Task directions » Repeat nothing but the line that contains "인천 동구는 1일 송현근린공원에서" and the lines after it, through the end of the listing, exactly as they stand; omit pictures.

*** Opening of Supplied information ***

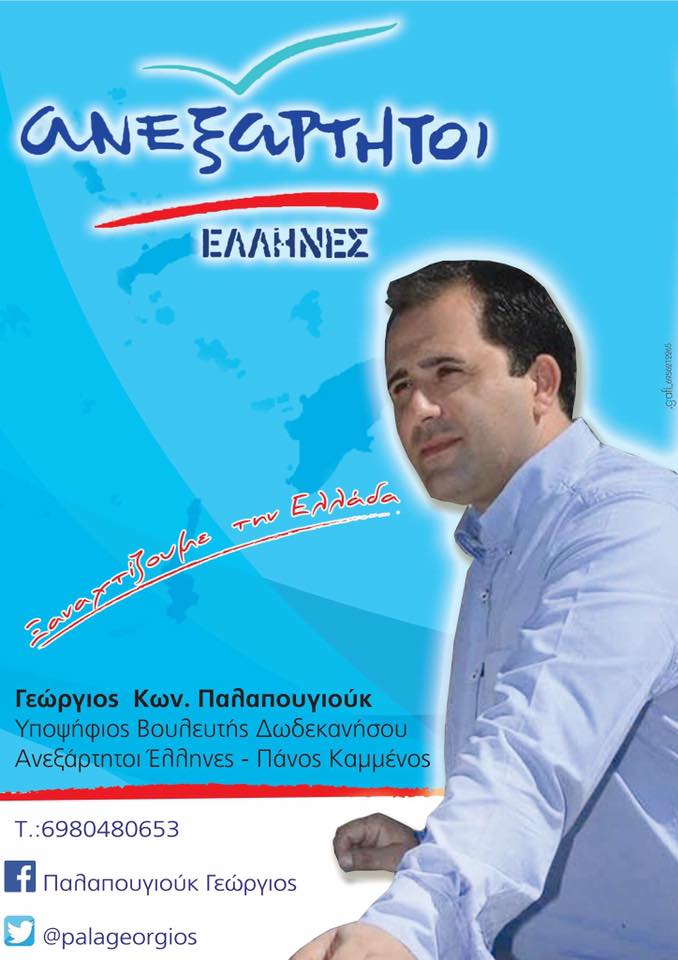 Σήμερα 4 Σεπτεμβρίου 2015, υπέγραψα και κατέθεσα στο Πρωτοδικείο Ρόδου, όπως ορίζει η σχετική διαδικασία, την πρόταση υποψηφιότητάς μου, ως υποψήφιος βουλευτής Δωδεκανήσου με τη Νέα Δημοκρατία, για τις κρίσιμες και καθοριστικές για τη χώρα εκλογές της 20ης Σεπτεμβρίου 2015.
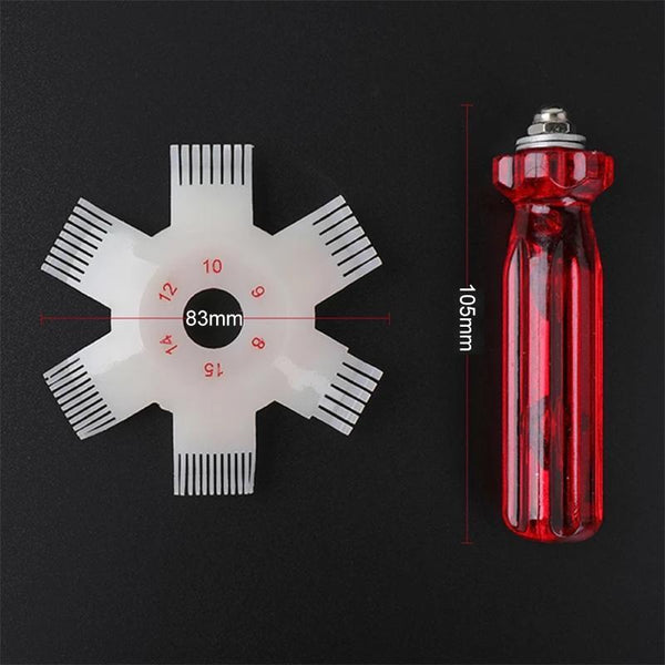 The Air Conditioner Radiator Condenser Fin Comb comes with 6 different fins measurement for your different needs. Match the teeth to the spacing of the fins on your air conditioner, then draw the comb slowly and carefully over the fins.
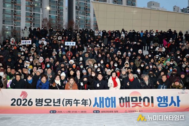 인천 동구는 1일 송현근린공원에서 각 동 주민자치회·자생단체 회원 등 다수의 구민이 참여한 ‘2026년 병오년 새해 맞이’행사를 개최했다고 밝혔다.
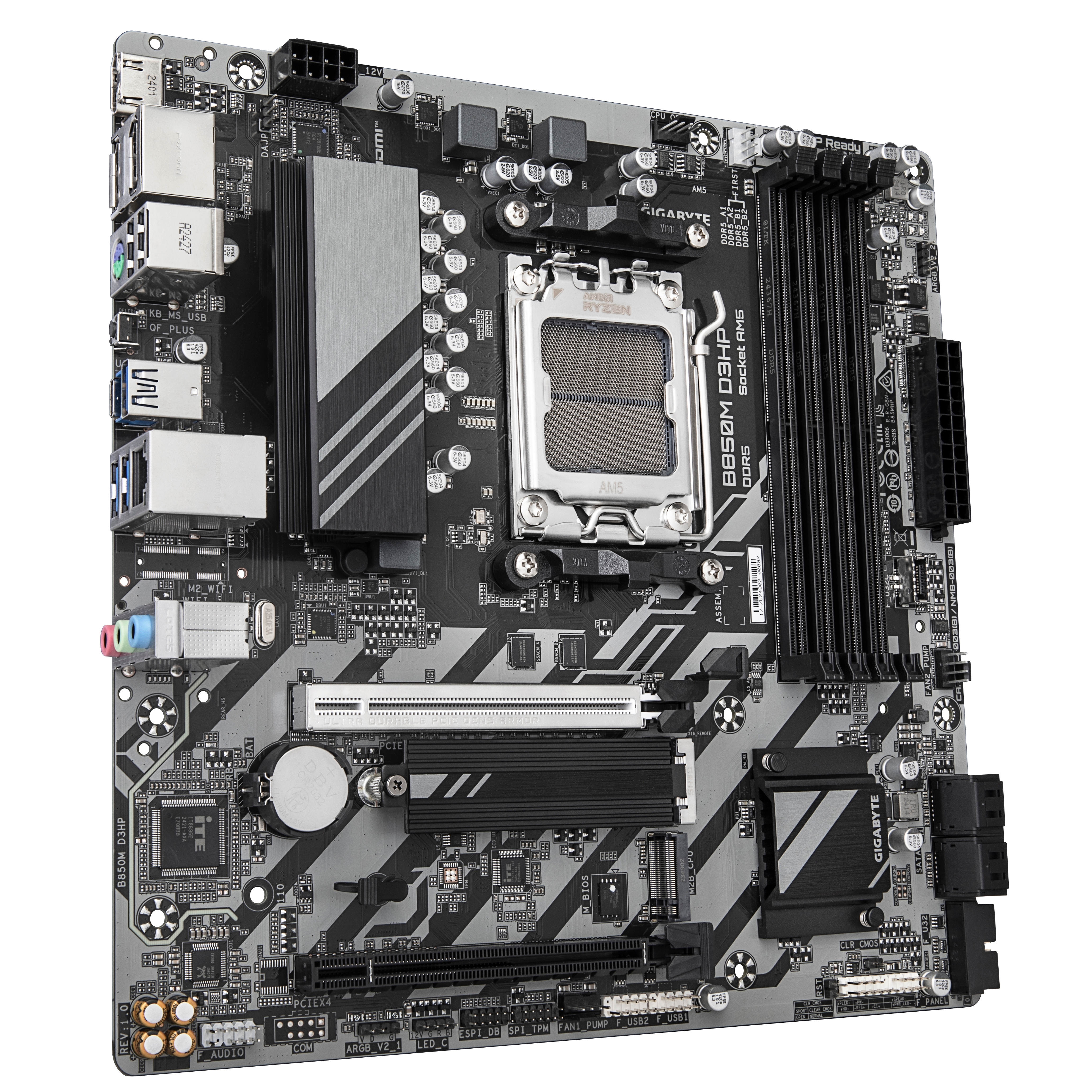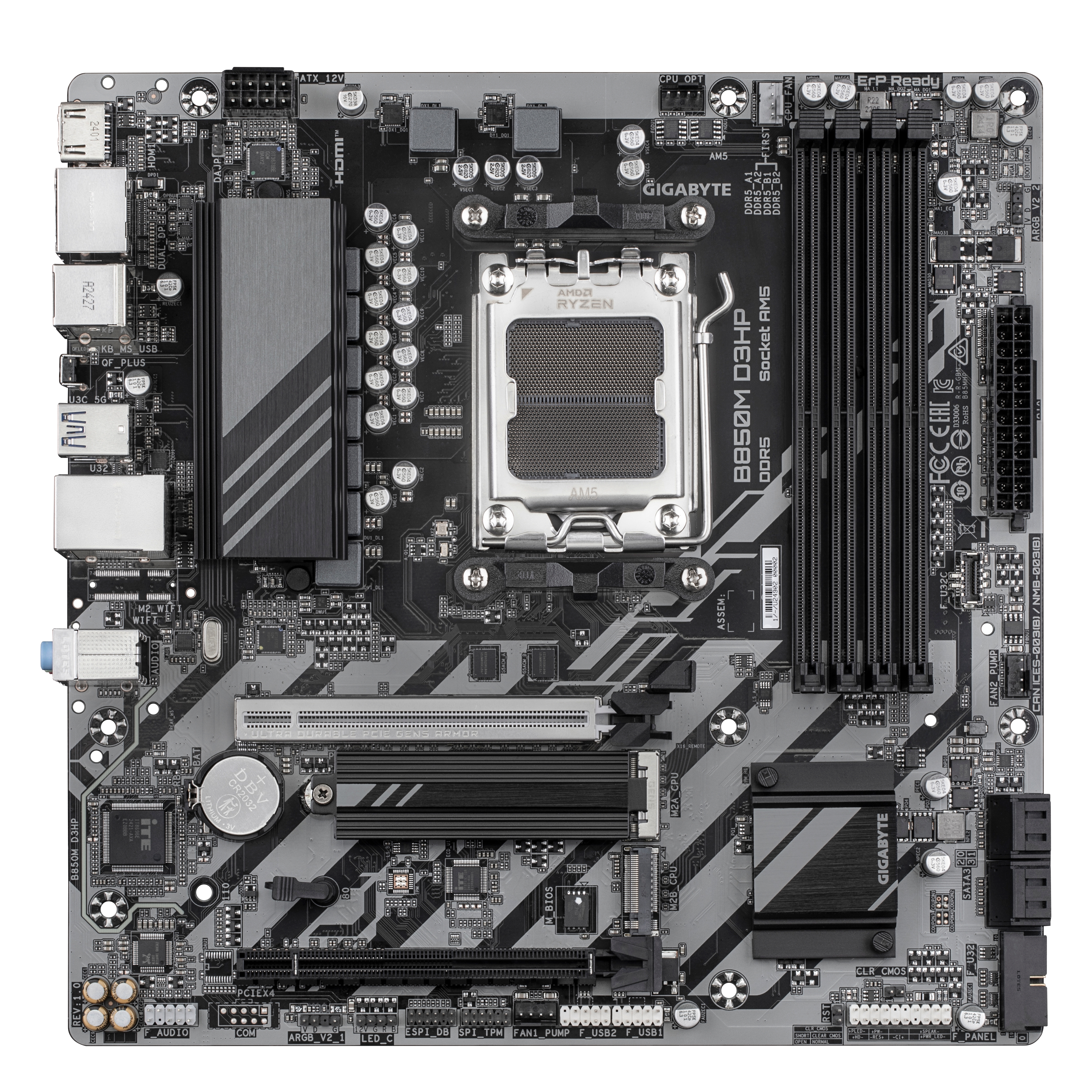 GIGABYTE B850M D3HP Scheda Madre - Processori AMD Ryzen Serie 9000, 5+2+2 fasi VRM digitali, fino a 8200MHz DDR5 (OC), 1xPCIe 5.0 + 1xPCIe 4.0 M.2, LAN GbE, USB 3.2 Gen 2. Produttore processore: AMD, Presa per processore: Socket AM5, Processori compatibili: AMD Ryzen 7000 Series, AMD Ryzen 8000 Series, AMD Ryzen 9000 Series. Tipi di memoria supportati: DDR5-SDRAM, RAM massima supportata: 256 GB, tipo di slot di memoria: DIMM. Interfacce dell'unità di archiviazione supportate: M.2, SATA III, Tipi di unità di archiviazione supportate: HDD & SSD, Livelli RAID: 0, 1, 10. Risoluzione massima: 4096 x 2160 Pixel. Tipo di interfaccia Ethernet: Gigabit Ethernet

*** Close of Supplied information ***

Finished exercise »
 인천 동구는 1일 송현근린공원에서 각 동 주민자치회·자생단체 회원 등 다수의 구민이 참여한 ‘2026년 병오년 새해 맞이’행사를 개최했다고 밝혔다.
 GIGABYTE B850M D3HP Scheda Madre - Processori AMD Ryzen Serie 9000, 5+2+2 fasi VRM digitali, fino a 8200MHz DDR5 (OC), 1xPCIe 5.0 + 1xPCIe 4.0 M.2, LAN GbE, USB 3.2 Gen 2. Produttore processore: AMD, Presa per processore: Socket AM5, Processori compatibili: AMD Ryzen 7000 Series, AMD Ryzen 8000 Series, AMD Ryzen 9000 Series. Tipi di memoria supportati: DDR5-SDRAM, RAM massima supportata: 256 GB, tipo di slot di memoria: DIMM. Interfacce dell'unità di archiviazione supportate: M.2, SATA III, Tipi di unità di archiviazione supportate: HDD & SSD, Livelli RAID: 0, 1, 10. Risoluzione massima: 4096 x 2160 Pixel. Tipo di interfaccia Ethernet: Gigabit Ethernet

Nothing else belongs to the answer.